Sejumlah negara di kawasan, termasuk Israel, Qatar, Suriah, Iran, Irak, Kuwait, dan Bahrain, menutup wilayah udaranya. Situs pelacak penerbangan FlightRadar24 juga mencatat tidak adanya aktivitas penerbangan di atas Uni Emirat Arab (UEA) setelah pemerintah setempat mengumumkan penutupan wilayah udara secara sementara dan parsial.
Kondisi tersebut menyebabkan operasional tiga bandara hub utama yakni Dubai, Abu Dhabi, dan Doha terhenti. Lebih dari 1.000 penerbangan maskapai besar Timur Tengah terpaksa dibatalkan. Maskapai Emirates, Qatar Airways, dan Etihad yang beroperasi di bandara-bandara tersebut biasanya melayani sekitar 90.000 penumpang per hari, menurut data perusahaan analitik penerbangan Cirium. Dubai International Airport sendiri merupakan bandara tersibuk di dunia untuk penerbangan internasional.

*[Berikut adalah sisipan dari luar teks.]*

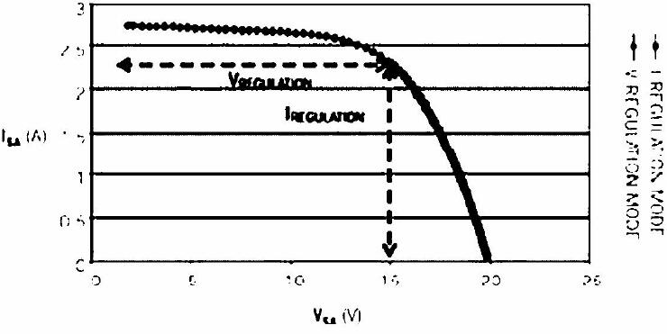 本電路適用于描述有兩種電源模式的光伏電池模塊的特性。采用本電路和基于PC的設置時, Helios公司的一種光伏電池模塊的I-V特性曲線表明有一個區在VMPP ( 最高點的電壓) 以上, 在VMPP 這一電壓下, 陡峭的過渡與一個電壓源相對應( 圖2) 。在低于VMPP的電壓下, 光伏電池模塊猶如一個電流源。一般情況下, 用個簡單的電流模式電子負載描述I - V 特性曲線這一平坦區的特性是很困難的, 因為電壓輸出對電流的微小變化很敏感,因此, 恒定電壓模式負載就是一種較好的選擇。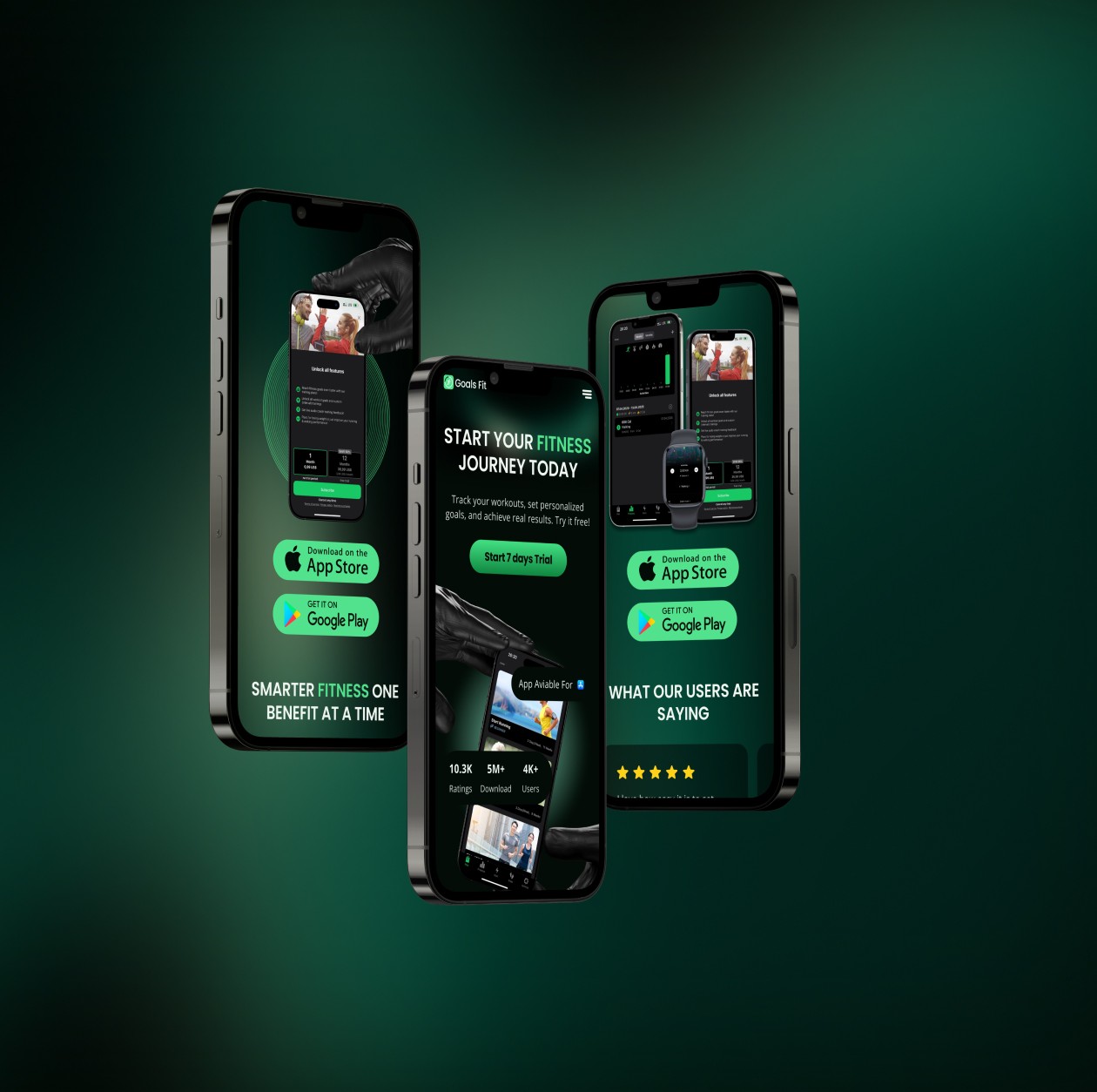 I designed a modern and engaging landing page for Goal Fit, a fitness app that helps users set, track, and achieve their workout goals. The design process focused on creating a clean and intuitive layout, a strong and consistent visual identity, and clear calls-to-action to encourage downloads and sign-ups. Using Figma, I developed a responsive structure and an interactive prototype to showcase the user journey. The final result communicates the app’s value in a simple yet impactful way, ensuring both usability and aesthetic appeal.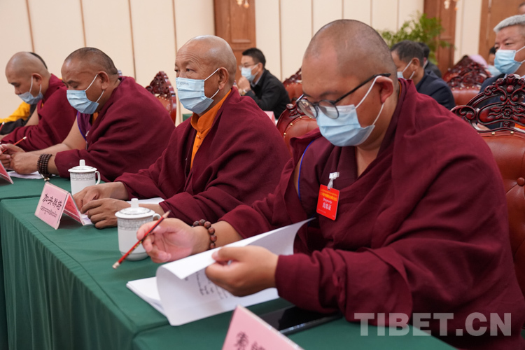 會上,十一世班禪強調,新航標已樹立,新征程已開啟,要牢記囑托、感恩奮進,在推動藏傳佛教中國化上彰顯新擔當。堅持以鑄牢中華民族共同體意識為主線,堅持法治思維、提高管理水平,堅持嚴守戒律、加強教風建設,堅持維護寺廟和諧穩定,堅持開展藏傳佛教教義思想闡釋,堅持培養藏傳佛教代表人士,堅持狠抓機關干部能力建設,確保宗教和睦、佛事和順、寺廟和諧。充分發揚維護祖國統一、加強民族團結的優良傳統,增進“五個認同”,堅持藏傳佛教中國化方向不動搖。健全寺廟管理長效機制,促進藏傳佛教與社會主義社會相適應,發揮自身積極作用,努力為推進高質量發展和守好生態安全底線做出貢獻。以抓好穩定、發展、生態、強邊四件大事的實際行動,為建設團結富裕文明和諧美麗的社會主義現代化新西藏,為實現中華民族偉大復興的中國夢做出新的更大貢獻。(中國西藏網 記者/王淑 趙耀 鄭朔)

Bandara Jadi Sasaran Serangan Balasan Iran
Sejumlah bandara utama di kawasan juga dilaporkan terdampak serangan balasan Iran. Bandara Internasional Dubai serta hotel ikonik Burj Al Arab mengalami kerusakan, dengan empat orang dilaporkan terluka. Sementara itu, Abu Dhabi Airports sempat menyampaikan adanya insiden di Bandara Internasional Zayed yang menyebabkan satu orang meninggal dunia dan tujuh lainnya luka-luka, meski pernyataan tersebut kemudian dihapus.
“Bagi para pelancong, tidak ada cara untuk meredakan situasi ini,” kata analis industri penerbangan dan Presiden Atmospheric Research Group, Henry Harteveldt. Ia memperkirakan penundaan dan pembatalan penerbangan akan terus terjadi dalam beberapa hari ke depan.